Indeed, PERA is a shareholder of some of the largest corporate political spenders in the nation. In 2011, it owned $49.1 million worth of stock in Exxon Mobil, $28.7 million in General Electric Co. stock and $29.6 million in Chevron stock, according to PERA records.
Alan Jeffers, a spokesman for Exxon Mobil, says the company's political activity is related to the highly regulated nature of its industries.
"Generally speaking, we monitor and provide input to politicians, often called lobbying, along the lines of how it impacts the business—and fundamentally, that's the fiduciary duty of the employees and the management of the company, is to represent its interests," he says. "So I guess, you know, the prerogative of shareholders is either to support that or relinquish their relationship by selling their shares."
Bundy points out that, compared to PERA's $12 billion in assets, a $32 million investment isn't all that significant.
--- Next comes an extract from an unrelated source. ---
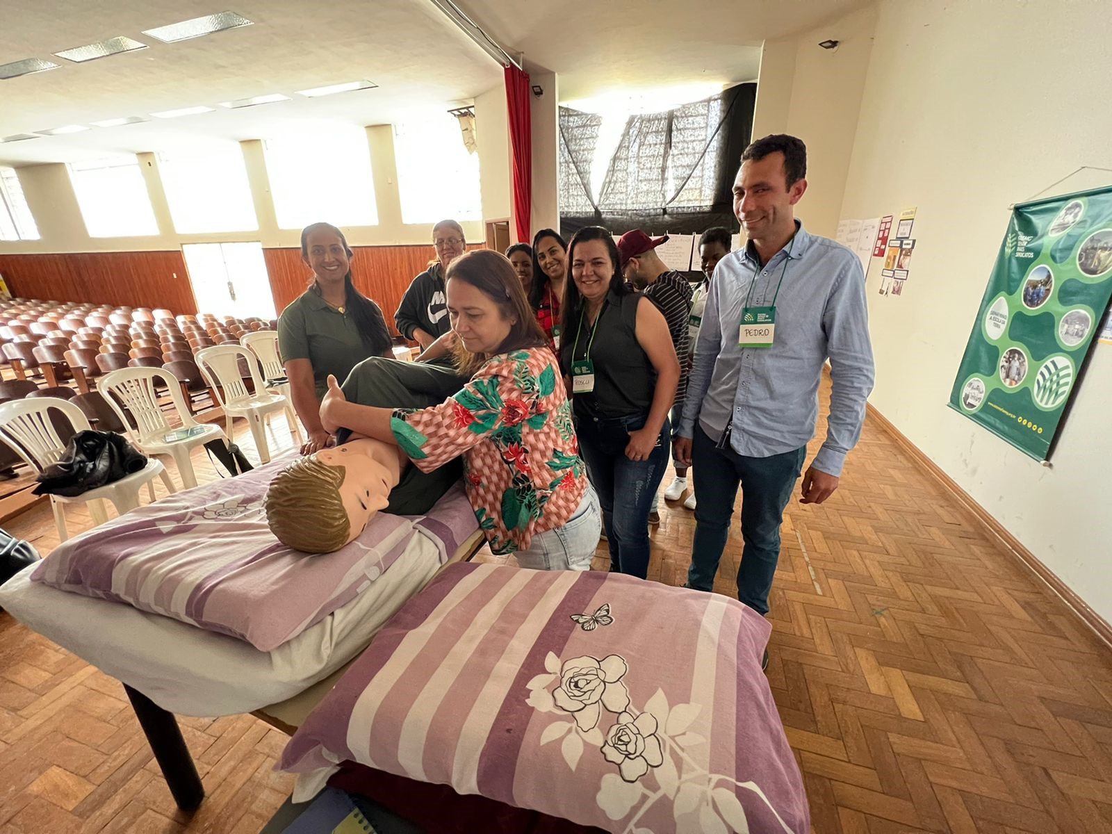 Dez pessoas participaram do curso de saúde e atenção ao idoso, e puderam aprender como adotar os cuidados básicos necessários à manutenção da saúde e bem-estar do idoso, conforme explica a instrutora do Senar-MG e enfermeira Janaína Dornelas Pessoa Gomes. “Com a realização deste curso, queremos direcionar este conhecimento aos familiares que cuidam de idosos em casa, ou pessoas que queiram trabalhar nesta área. Sabemos que muitas famílias não têm condição financeira para contratar um cuidador ou um técnico de enfermagem, e o curso é uma possibilidade de continuar oferecendo dignidade ao ente familiar. Ter alguém que possa colaborar em parte da rotina é essencial para o bem-estar do idoso e, é claro, para a saúde emocional de toda a família, que tem mais segurança”, informou a enfermeira Janaína Dornelas.

Indeed, PERA, like all pension funds, diversifies its money into an array of investment vehicles like US Treasury notes, venture capital partnerships, foreign currencies and municipal bonds.
Felix Meschke, a University of Kansas professor of finance, recently co-authored a study that links corporate political donations to lower stock values.
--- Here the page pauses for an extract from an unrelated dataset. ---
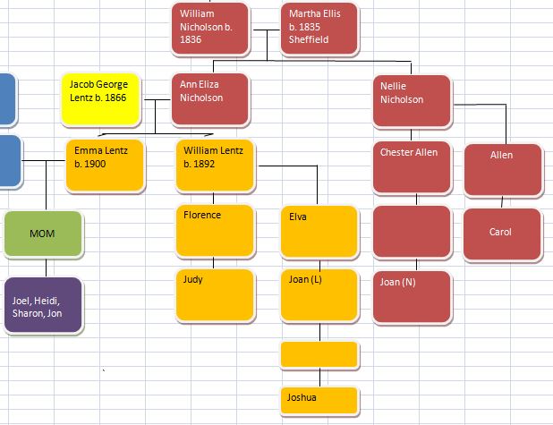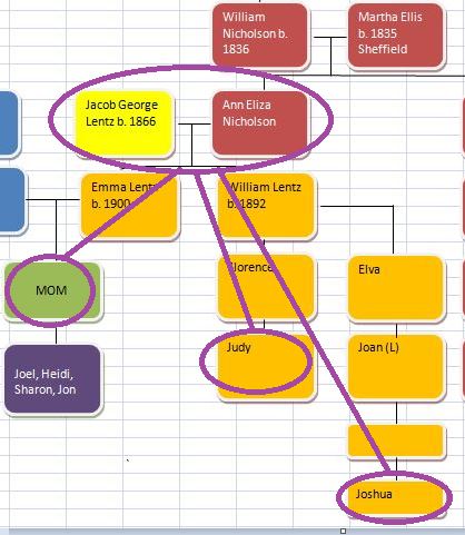 Judy descends from our common Lentz/Nicholson Line. Others that I have been in touch with and have tested for DNA are just from the Nicholson Line. The Nicholson Line is in red. The Lentz line is in yellow. The Lentz/Nicholson Line is in orange. From my early school days, I recall that if you mix yellow and red, you get orange. Judy and Joshua are on the orange line. My mom shows as green, but for the purposes of this Blog, can be considered orange also.

Meschke says holding pensions accountable for corporate political spending is "like taking the second step before the first" because corporations often don't disclose the full extent of their political spending. Some pay dues to trade associations such as the US Chamber of Commerce, which uses some of that money for political expenditures.
"You cannot really put a lot of burden on individual investors on how their money is invested if they don't have the information infrastructure in place," Meschke says. "If you want politically conscious people to have a choice, you have to make sure all the expenditures of the companies are accounted for."
PERA's Chief Investment Officer, Joelle Mevi, says the retirement account's investments are "100 percent externally managed." Through a bid process, PERA chooses institutional fund managers who decide how to invest money. Those managers also vote on behalf of PERA, meaning they're the ones who could file motions calling for more disclosure or objecting to political spending.
"While those investments are legally in New Mexico PERA's name, we didn't initiate the transaction itself," she says. "Our perspective here is more in protecting the fund and assuring our beneficiaries have a retirement. That's hard enough to do with the other forces on the capital markets."
PERA, like pensions across the nation, is struggling to meet its obligations as it pays out benefits to a growing retiree pool.
Former public employees interviewed for this article declined to speak on record about the companies PERA invests in. Some said they had no knowledge of the investments or were surprised to learn about them; others were just hoping the fund would remain solvent. Bundy, the AFSCME political director, says the long-term solvency of the fund is the union's primary concern.
On Aug. 3, the state Legislature's Investments and Pensions Oversight Committee will discuss a proposal by PERA that recommends cutting benefits for the state's public employees. A December study showed that PERA's ability to meet its pension benefit obligations by 2061 "is bleak at best." Even the unions, typically resistant to efforts to restructure pensions, are calling for reform; a June 22 document from the PERA Board outlines proposals it deems necessary to shore up the fund's finances, including reductions in the cost-of-living adjustments, requiring public employees to work longer before receiving benefits and requiring them to pay an additional 1.5 percent of their salaries into the pension fund, beginning as soon as July 2013.